What Moves the Market?
Excerpts from an article in the WSJ caught my eye this morning because I often wonder what moves the market. If some person comes up with a rumor no matter how unreasonable, that person can move the market. What if the market is down for the day, which is ruining some trader’s position, does that person float a rumor in the hopes of moving the market up. Sounds to me like the market is at the whim of unscrupulous random rumors, that people just make up in the hopes of improving their positions. So much for the efficient market hypothesis. Hmmm! Text in bold is my emphasis.
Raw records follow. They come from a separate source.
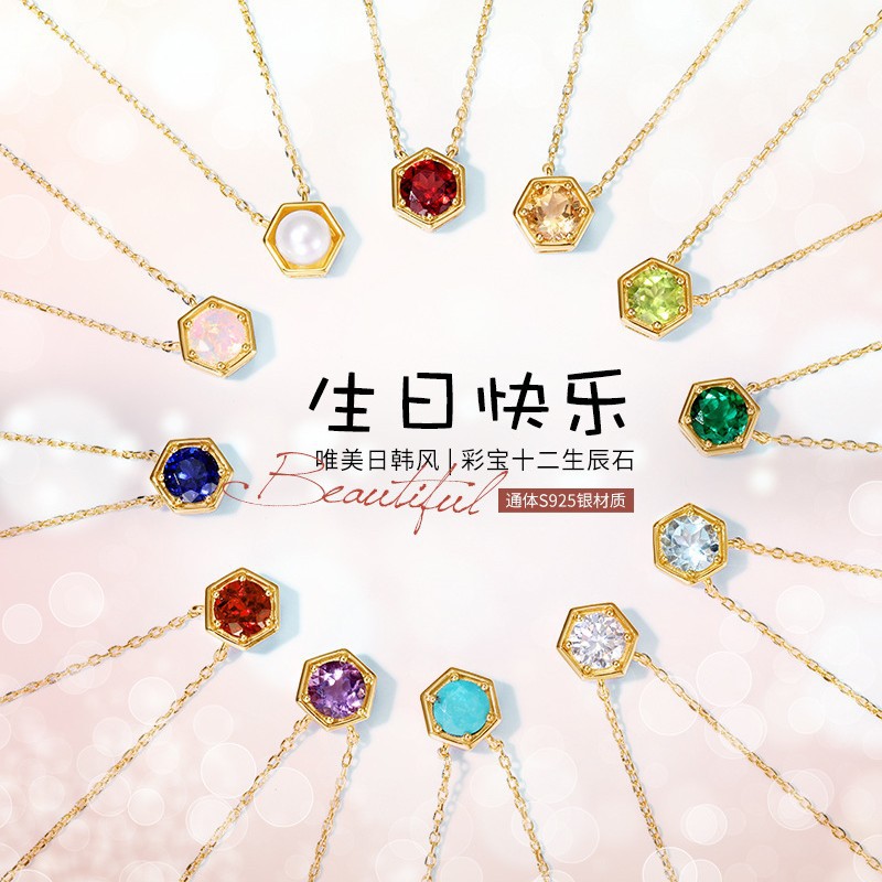 Cross-border hot selling fashion simple twelve birthstone necklace S925 sterling silver gold-plated necklace niche jewelry wholesale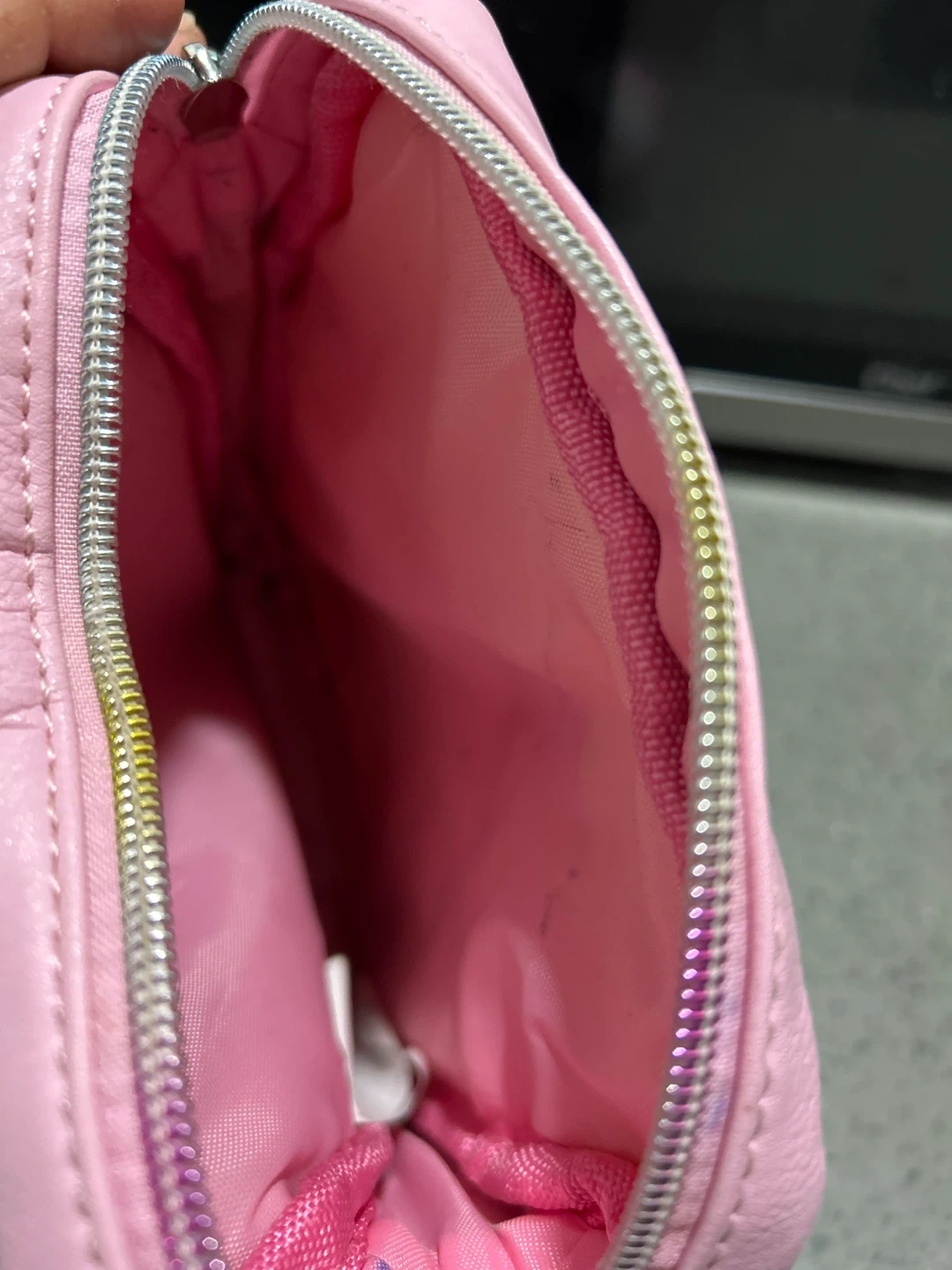 Super cute pink crossbody bag with a bow and floral pattern. It's made of faux leather with a rainbow strap. Perfect for kids to carry their essentials!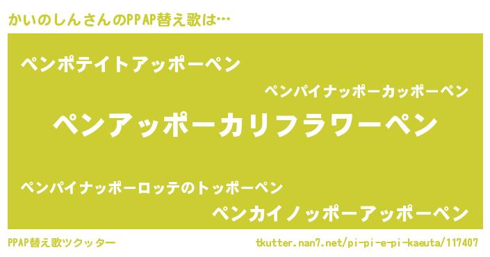 | ピコ太郎風あだ名 | 『ピカ史郎』『カコ八郎』『カイ六郎』 |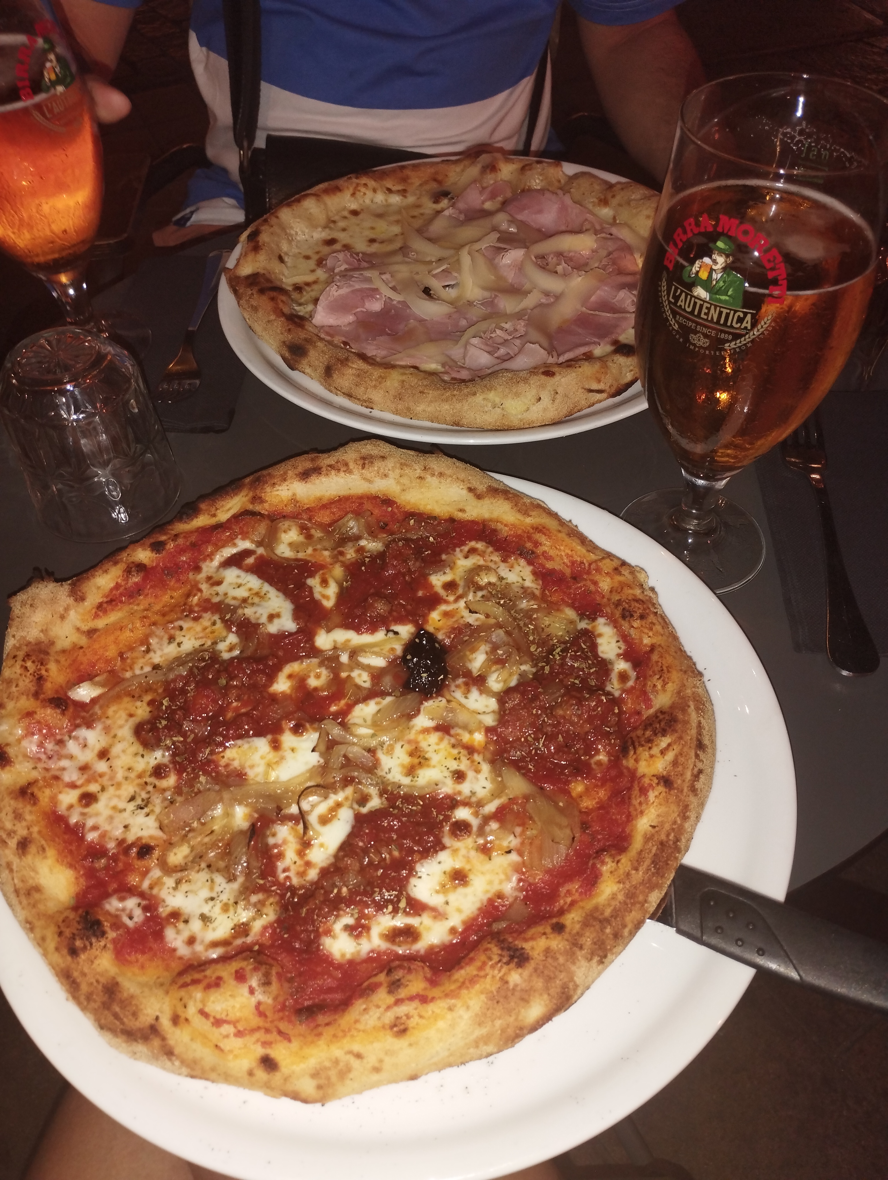 Bonne soiree dans ce lieu sympathique. Les pizzas étaient bonnes. Bien garnies. Bien cuites. L'expérience etait spéciale. Placés sous une telé, et etrangement observés pendant le repas, nous avons eu le sentiment que le serveur nous detestait. Preuve à lappui : nous avons patienté une bonne heure pour que nous assiettes soient debarrassées pour passer au dessert. Pourtant le serveur n'avait rien d'autre à faire. Heureusement que l'autre serveuse nous as sauvés, percevant probablement dans notre regard une immense détresse et une grande gène. Les desserts sont un peu lourds mais n'est ce pas le risque a prendre avec la nourriture de nos voisins italiens? Surtout bonne nuit☀

Lingering concerns about corporate earnings, credit risk and the economy sent stocks plummeting, only to stage a furious afternoon comeback amid hopes for lower interest rates.
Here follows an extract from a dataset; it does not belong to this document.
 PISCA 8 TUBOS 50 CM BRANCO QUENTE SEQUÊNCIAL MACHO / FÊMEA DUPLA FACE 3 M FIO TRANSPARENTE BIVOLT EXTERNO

The Dow Jones Industrial Average was off more than 200 points at its intraday low, but it ended the session off just 0.98 point, or 0.01%, at 13675.25. The Dow is up 9.7% this year.
Safety-seeking investors drove up prices of government securities, driving down their yields. By late afternoon, Treasurys maturing in five years or less were yielding less than 4% for the first time in more than two years.
Rumors of an emergency meeting of the Federal Reserve helped to drive the afternoon rally in stocks. A spokesman for the central bank declined to comment. Experienced Fed watchers considered it extremely unlikely, as Fed rate-setters already have a regularly scheduled meeting next week. . . . .
. . . . . "People naively believed we were out of the woods," said A.G. Edwards & Sons strategist Bill Hornbarger. "Now that we're getting a second dose of it, they're thinking this is not going to go away -- and it's going to have negative implications for the larger economy."
Thomas di Galoma, head of U.S. Treasury trading at Jefferies & Co., said the market now clearly expects Fed to cut its short-term interest-rate target when it meets beginning Tuesday.
Futures traders, he notes, are now pricing in roughly an 80% chance of a half-point cut by the end of the year, up from a 40% chance two weeks ago. (I heard this morning on CNBC that it is up close to 100%.)